Chapter 6 - June 29, 1987

The subtitle for this letter would read, 'How Large Are The Hidden Costs When
Using New Technologies'. To date, I have not read many messages from this
network on users problems with the new 8XXX machines. Logically there are three
answers for this. The first is that the problems that I am expierencing with
my machines must be unique to me, in other words, the two 8700's and one 8500
we have are lemons from the factory. The second answer is that many people are
having problems but each feels that they are alone with the new machines and
thus 'live' with the problems. The third answer is that the local offices of DEC
are doing everything they can to catch up with the new machines and placate the
sites that have them.

In the interest of placing issues in the open for discussion, I will list the 
various problems that we have had to date on the 8XXX systems and current
shortfalls that I percieve.

Problems:
1. The 8500 memory upgrade package that DEC sells for a solid 4 figure cost can
not be installed on our system. The problem is defined as 'Under Extreme Loads 
The System Will Crash'. We bought this package back in October of 1986 
and have yet to take advantage of it. It took five attempts by DEC to install it
and ALL attempts failed. The net result is that the original 8500 we had, the 
12th production unit, was replaced with a new CPU because they could not get it
to work. The upgrade package installation is frozen by DEC until the new MCL 
card is released from central engineering. They are redesigning the board for
sub 10 nanosecond switching times. The release date is sometime next month 
(July).

2. The RDC capability of the current machines is only a SUBSET of the RDC
capability that the 7XX series enjoys. With the current version, you have to
have someone on site to enter commands that deposit data and performs certain
other actions. The next upgrade is said to correct this defiency.

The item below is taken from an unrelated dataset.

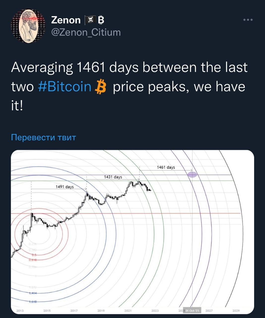 До следующего ценового пика биткоина у нас, возможно, есть еще почти 3 года. По крайней мере, в предыдущих двух циклах это расстояние было, в среднем 1461 день

3. We are constantly getting what looks like ECC correctable memory errors on 
both the 4MB and 16MB memory arrays. The trouble is that the system does not
log the errors until a multiple of 16 errors occur. The problem is that my 
systems have crashed before reaching the trigger point and thus the errors are
lost to recording. They may in fact point to the problem that caused the 
problem but we will never know.

4. I have encountered a two line message on the PRO that reads:
	'Excessive number of interrupts recieved by the PPI interface.
	 Closing down the PPI interface.'
The net result of this is the 8XXX is in a 'hung' state, I know this due to it
dropping all DECnet and LAT connections, and the PRO is refusing to talk to the 
8XXX. This is also known as a mini 'cluster partition', or 'Mexican Standoff'.
The only way to recover that I have found to date is to completely power down
both the 8XXX and the PRO, then power up the PRO and then the 8XXX. The result
is a bootable machine that will then do what it was intended for. The side
effect is that NO crash dump is made and NO knowledge is gained to help in
preventing this from happening again.

5. Do not do 'CONNECT CONSOLE' from SYSGEN on the 8XXX. The result is that the
system will crash in 18 hours, guarenteed. The is rumored to be fixed in V4.6.

6. Do not use the 'HOLD SCREEN' on the PRO to stop the information so that you
can read what is being displayed before it scrolls off the top. The PRO and 
8XXX get 'confused' about where you are and the result is garbage on the screen
from that point on. The work around is Control S/Q sequences.

7. Do not put the PRO in the 'Control' mode, at the '>>>' prompt, while the
cpu is running. My local office has always saidthat this causes no problems. 
But everytime I have tried it, the 8XXX has crashed.

8. The jumpers that connect the memory backplane to the NMI backplane are not
keyed, so they can very easly be put on incorrectly. It took our local and area
support 1.5 days to realize that the cables they just put on where put on 
incorrectly.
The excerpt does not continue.